Problem> Images are not part of the copy; write out the rest of the data exactly as given.

========

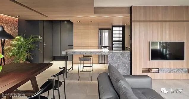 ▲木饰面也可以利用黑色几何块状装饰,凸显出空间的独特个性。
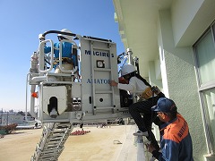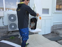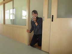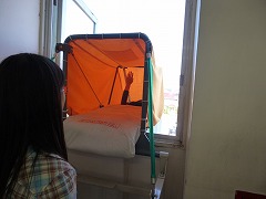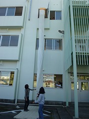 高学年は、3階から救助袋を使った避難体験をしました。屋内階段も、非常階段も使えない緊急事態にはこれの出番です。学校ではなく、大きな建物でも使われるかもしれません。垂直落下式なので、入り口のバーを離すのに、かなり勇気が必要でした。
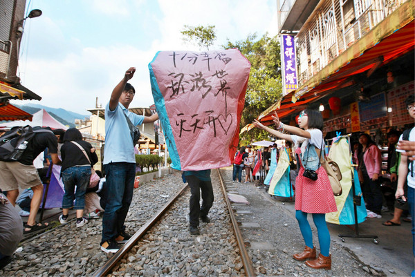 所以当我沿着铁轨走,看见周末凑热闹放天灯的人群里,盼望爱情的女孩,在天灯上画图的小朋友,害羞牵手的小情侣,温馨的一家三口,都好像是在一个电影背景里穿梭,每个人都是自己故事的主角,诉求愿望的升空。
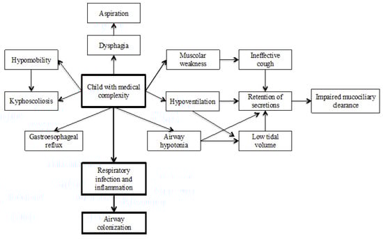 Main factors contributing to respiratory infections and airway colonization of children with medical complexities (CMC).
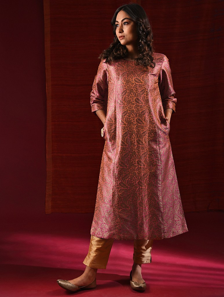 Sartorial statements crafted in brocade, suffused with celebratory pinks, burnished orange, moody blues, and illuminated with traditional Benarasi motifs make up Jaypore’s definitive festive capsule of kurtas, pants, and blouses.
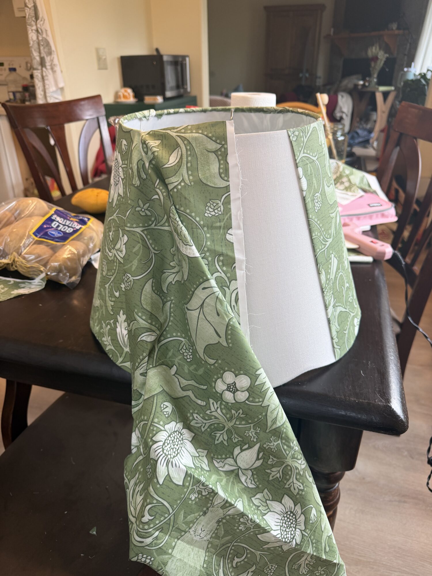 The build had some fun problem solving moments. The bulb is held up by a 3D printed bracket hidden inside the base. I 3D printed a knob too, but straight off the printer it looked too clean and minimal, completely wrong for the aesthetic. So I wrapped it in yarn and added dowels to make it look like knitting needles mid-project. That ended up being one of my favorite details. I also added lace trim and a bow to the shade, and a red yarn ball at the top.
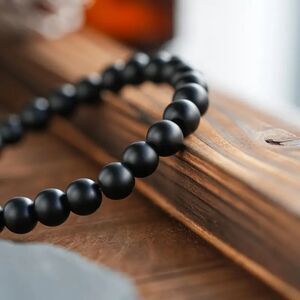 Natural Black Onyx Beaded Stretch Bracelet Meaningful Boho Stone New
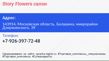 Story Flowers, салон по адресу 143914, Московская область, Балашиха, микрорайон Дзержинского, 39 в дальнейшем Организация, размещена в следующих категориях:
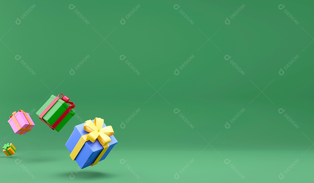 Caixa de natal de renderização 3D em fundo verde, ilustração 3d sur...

========

Solution>
 ▲木饰面也可以利用黑色几何块状装饰,凸显出空间的独特个性。
 高学年は、3階から救助袋を使った避難体験をしました。屋内階段も、非常階段も使えない緊急事態にはこれの出番です。学校ではなく、大きな建物でも使われるかもしれません。垂直落下式なので、入り口のバーを離すのに、かなり勇気が必要でした。
 所以当我沿着铁轨走,看见周末凑热闹放天灯的人群里,盼望爱情的女孩,在天灯上画图的小朋友,害羞牵手的小情侣,温馨的一家三口,都好像是在一个电影背景里穿梭,每个人都是自己故事的主角,诉求愿望的升空。
 Main factors contributing to respiratory infections and airway colonization of children with medical complexities (CMC).
 Sartorial statements crafted in brocade, suffused with celebratory pinks, burnished orange, moody blues, and illuminated with traditional Benarasi motifs make up Jaypore’s definitive festive capsule of kurtas, pants, and blouses.
 The build had some fun problem solving moments. The bulb is held up by a 3D printed bracket hidden inside the base. I 3D printed a knob too, but straight off the printer it looked too clean and minimal, completely wrong for the aesthetic. So I wrapped it in yarn and added dowels to make it look like knitting needles mid-project. That ended up being one of my favorite details. I also added lace trim and a bow to the shade, and a red yarn ball at the top.
 Natural Black Onyx Beaded Stretch Bracelet Meaningful Boho Stone New
 Story Flowers, салон по адресу 143914, Московская область, Балашиха, микрорайон Дзержинского, 39 в дальнейшем Организация, размещена в следующих категориях:
 Caixa de natal de renderização 3D em fundo verde, ilustração 3d sur...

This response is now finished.